その31.真木柱             (ヒカル 36歳 ~37歳)

 

1.玉鬘、ヒゲ黒大将に嫁して悔恨に落涙

 

「王宮に知られてしまうのは恐れ多いことです。しばらくの間は世間に広く知られないように内緒にしていなさい」とヒカルが忠告しますが、ヒゲ黒大将は玉鬘を手中にしたことを隠す通すことができません。

 一方の玉鬘は時が経っても少しも打ち解けた様子もなく、「思いのほか不運な宿命だったのだ」と一途に沈み込んでいます。そんな玉鬘を見て、ヒゲ黒も「ひどく辛いことだ」と感じながらも、格別な契りを結べたことがしみじみ嬉しく、見れば見るほど佳麗で申し分ない容貌や仕草を見るにつけ、「もし他人のものにしてしまっていたなら」と想像するだけで胸が潰れる思いです。ロカマドゥール(Rocamadour)の聖アマドゥール(Amadour)と仲介役をしてくれたフロランスを並べて拝みたいほど感激していましたが、玉鬘の方は「何とも不愉快なことをしてくれた」とヒゲ黒を自分の閨に引き入れた侍女フロランスを憎んでいました。それを察したフロランスは玉鬘の室に出仕もせずに、自室に閉じ籠っていました。本当に多くの人がとりどりに痛々しいほどの苦労をしたものの、ロカマドゥールの聖アマドゥール(Amadour)の霊験は玉鬘の愛情が薄い人物に現れた、ということでしょう。

 

 ヒカルも納得ができず、「口惜しい」と思うものの、今さら仕方がないことですし、実父の内大臣を含めた誰もが二人の仲を許容してもいるので、それに反して自分が許さない態度を見せたとしても、「当人にとっては困ったこと、面白くないことになってしまうだろう」と考えて、婚礼の儀式をヴィランドリー城で華麗に行い、婿となったヒゲ黒も大事に扱いました。

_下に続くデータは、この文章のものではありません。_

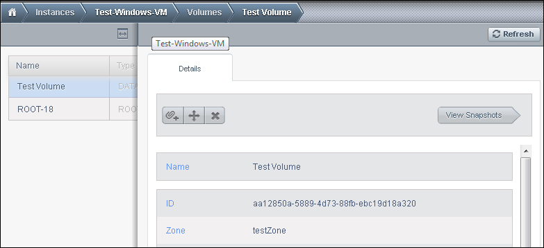 Storage tab allows the administrators to create, view, and manage volumes and snapshots. These volumes are provided by the storage configured in CloudStack set up. The various details of volumes are also provided on the page. In the project view the volumes available in the project selected are displayed as well the users who can create, view, and manage storage volumes and snapshots.
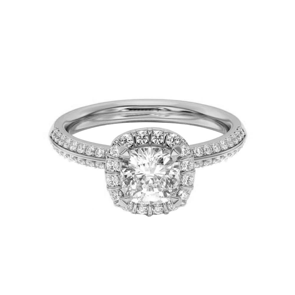 This classic women's engagement ring features a cushion cut diamond as it's centrepiece, surrounded by a halo of smaller round diamonds. The shank of the ring is a unique knife edge design, adding a contemporary touch to the classic halo style. The edges of the band are angled, creating a sleek and modern look that is sure to impress. Two additional marquise shaped diamonds are set underneath the centre stone, adding a touch of uniqueness to the overall design. All Temple and Grace jewellery is beautifully crafted to the highest standards and is made at our jewellery workshop directly by us (skilled jewellery craftsmen). This is why you can save over 40% when compared to high-street retail prices. We also offer a lifetime warranty and unmatched 100 day returns. You can shop online or book an appointment to visit our jewellery boutiques in Sydney, Melbourne, Brisbane and Perth.
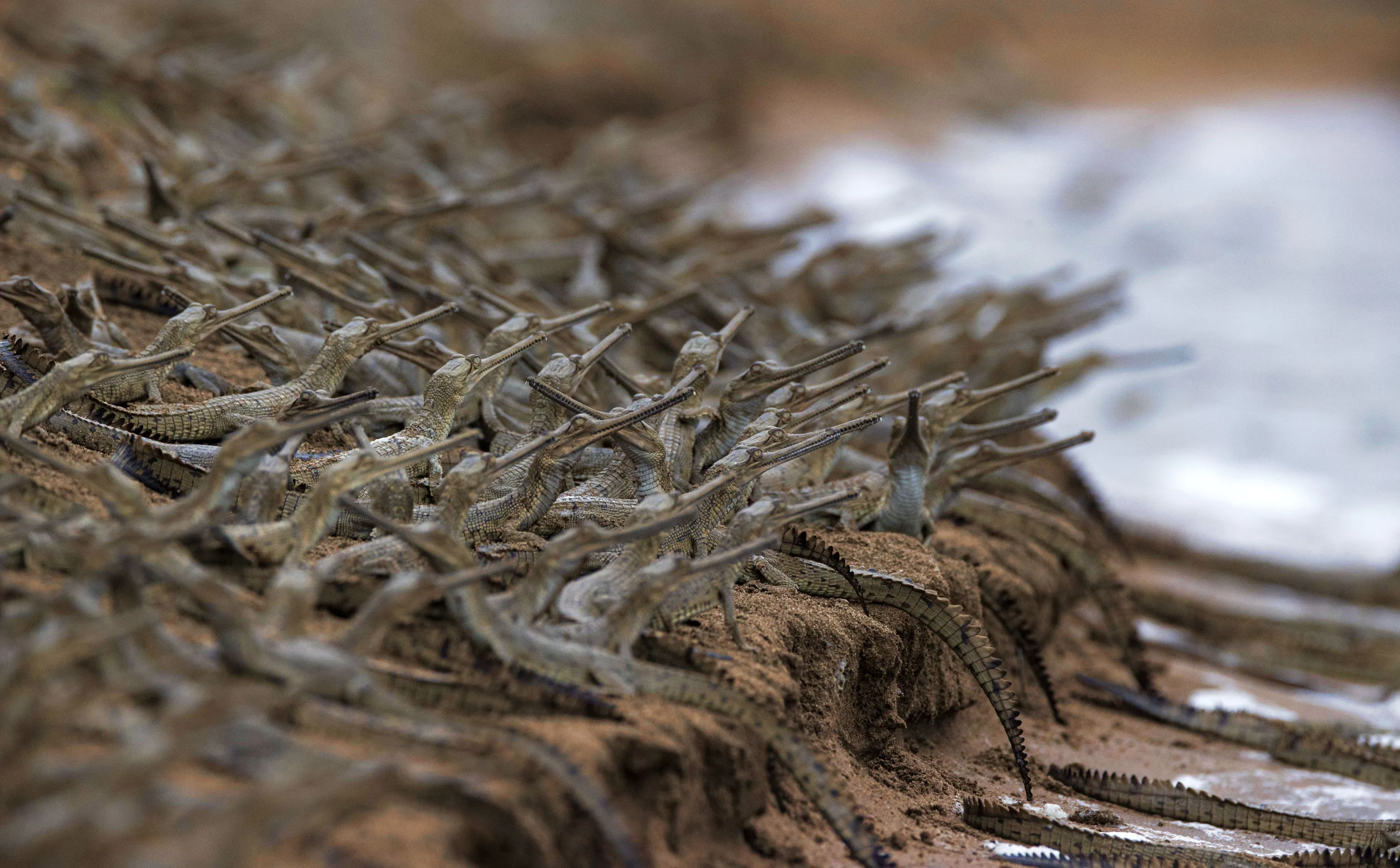 A sea of young crocodiles look like a tiny army as they congregate on a shoreline on July 2020. The 20 day old gharials, unique to South Asia, make the banking look black. Wildlife photographer Shivang Mehta pictured the critically endangered species on the banks of the Chambal river in Rajasthan, India. (Photo by Shivang Mehta/Solent News & Photo Agency)
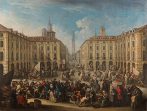 La piazza del mercato di Porta Palazzo a Torino, dipinto da Giovanni Michele Graneri: aneddoti e curiosità sul mercato più grande d’Europa.
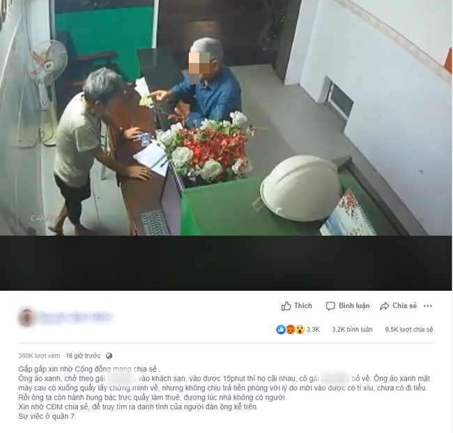 Nội dung được người đăng tải chia sẻ như sau: "Ông áo xanh, chở theo một người phụ nữ vào khách sạn, vào được 15 phút thì họ cãi nhau. Người phụ nữ kia bỏ về. Ông áo xanh mặt mày cau có xuống quầy lấy chứng minh về, nhưng không chịu trả tiền phòng với lý do mới vào được có tí xíu, chưa có đi tiểu. Rồi ông ta còn hành hung bác trực quầy làm thuê, đương lúc nhà không có người.
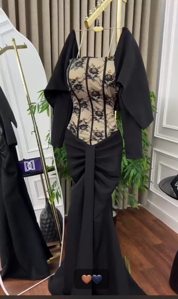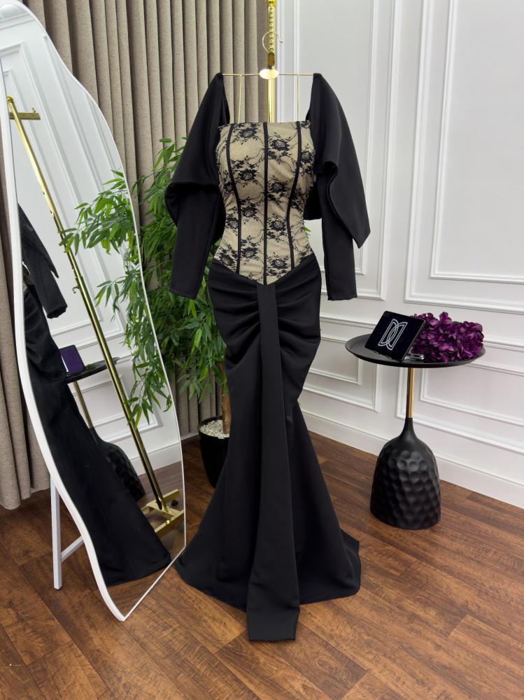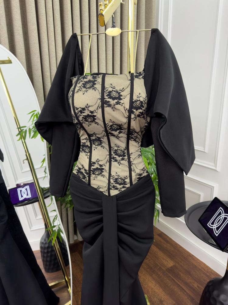 فستان سهره اللون اسود باربي الصدر دانتيل من متجر جوهره D
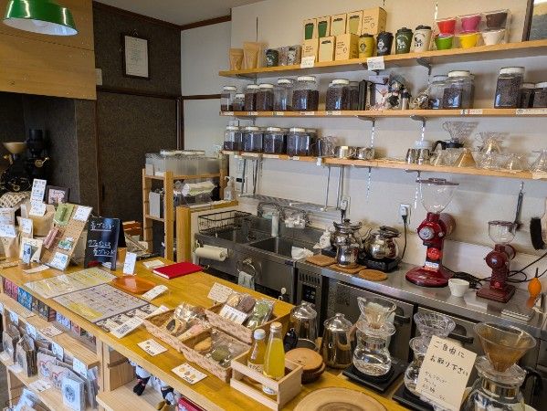 駐輪場、駐車場(1台)があるので、車でも自転車でも来店可能です。 店内に入ると、たくさんのコーヒー豆が並んでおり、コーヒーの器具なども販売されていました。
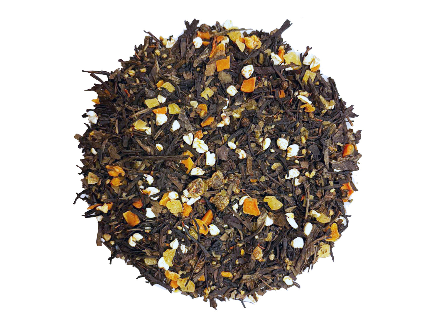 Con: tè nero Black Sencha, pezzetti di albicocca (albicocca, farina di riso), pezzetti di zenzero, scaglie di carote, grano saraceno soffiato, aroma, grano saraceno tostato, pepe, cardamomo, foglie dolci di mora, cartamo.
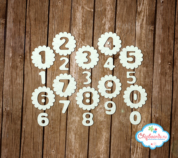 Высота кружков - 3 см. Высота цифр - 1,7 cм. Чипборд выполнен из материала толщиной 0.9 - 1.15 мм.
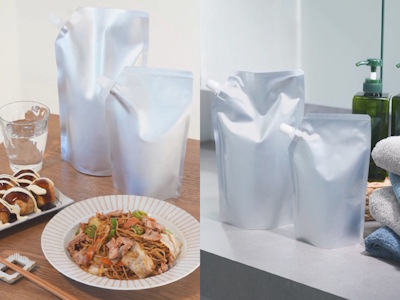 アルミ箔を使用したコーナースパウト付きスタンドパックです。
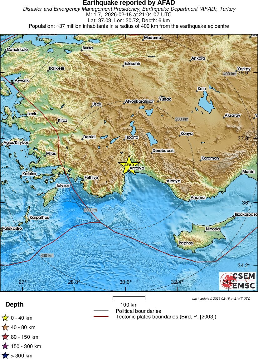| 1.5 | 7.6 | 4049 | 21:02 | Link | Minor Earthquake- WESTERN TURKEY - Today |
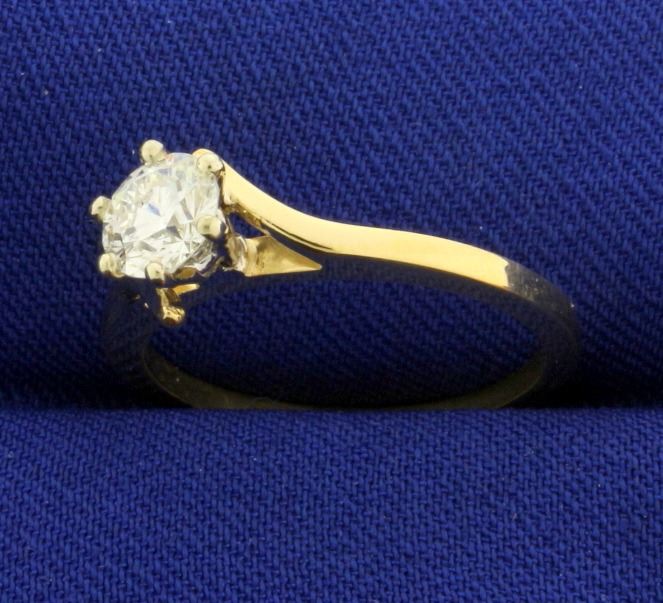 In 18k yellow gold, .57ct round brilliant diamond with very high quality VS clarity/H color. Size 6 1/4. 2.5g.
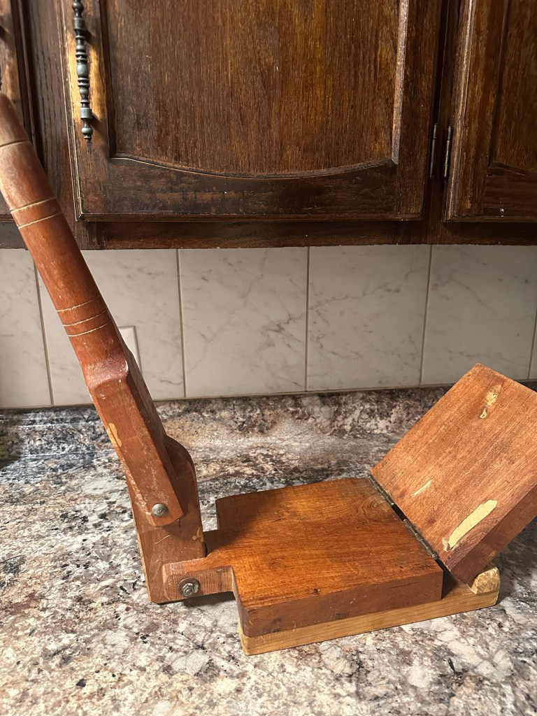 My mother’s tortilla press sits on the top shelf of our smaller second pantry. Most of the time it is stored away but comes out on special occasions. The wooden tortilla press is used in the process of making homemade corn tortillas. After the dough is made and separated into many small-sized balls, the tortilla press allows for an easy way to thin out the tortillas and make them the same size.
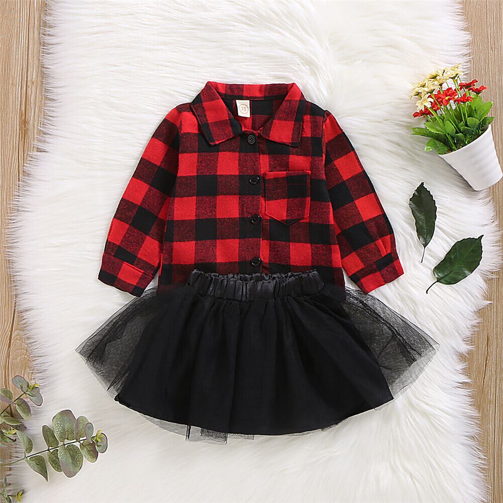 新作 3M-4Yクリスマス生まれの幼児の赤ちゃんの子供の女の子の服セット赤い格子縞の鹿のシャツ黒のチュチュスカートクリスマスの衣装
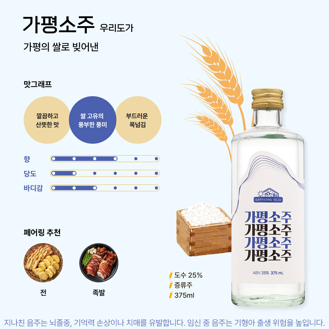 물 맑고 풍경 좋은 남이섬과 인접한 위치에 전통주를 만드는 우리도가 양조장이 있다. 우리도가 양조장의 가평소주는 가평의 쌀로 빚어낸 증류식 소주로 쌀 고유의 풍부한 풍미를 느낄 수 있다. 한 모금 마시면 부드럽게 넘어가면서도 은은한 향이 퍼지는 것이 특징이다. 전이나, 족발 같은 한식 메뉴와 페어링하기 좋다.

 ヒゲ黒大将は一日でも早く自邸のボールガール(Beauregard)城に引き取ろう」と考えて、準備を急ぎますが、ヒカルは「軽はずみに気を許してボールガール城に行かせたとしても、そこには不愉快に感じている人物が待ち構えているのが気の毒だ」ということを口実にして、「まあ、急ぐこともない。平静でいて、波風が立たず目立たないようにして、どちらの方面からも謗りや恨みを受けないように振舞っていなさい」と助言しています。

 

 実父の内大臣は「王宮に上がるより、かえってこの結婚の方が無難であった。細やかな後見を親身にしてくれる人もいないまま、なまじっか派手な王宮仕えをしたところで、苦労が多いだけだと不安だった。玉鬘の後見をしてあげたい気持ちもあるが、王宮にはすでにアンジェリク貴婦人が出仕しているのだから、世話をしてあげようもないのだから」と内々で語っていました。確かに王宮に上がって王さまの寵愛を受けたとしても低い扱いを受け、たまさかの出逢い程度で重々しい待遇を受けないのなら、軽率に王宮に上がったことになりかねません。内大臣は結婚三日目の夜の祝いで、ヒカルとヒゲ黒大将が交わした様子を伝え聞いて、「本当にかたじけなく、有り難いことだ」と感謝していました。

 

 このように二人の縁組は内密にされていましたが、自然と興味深い話題として世間に漏れて行き、人々は恰好の語り草として囁き合っていますが、噂は王宮にも伝わりました。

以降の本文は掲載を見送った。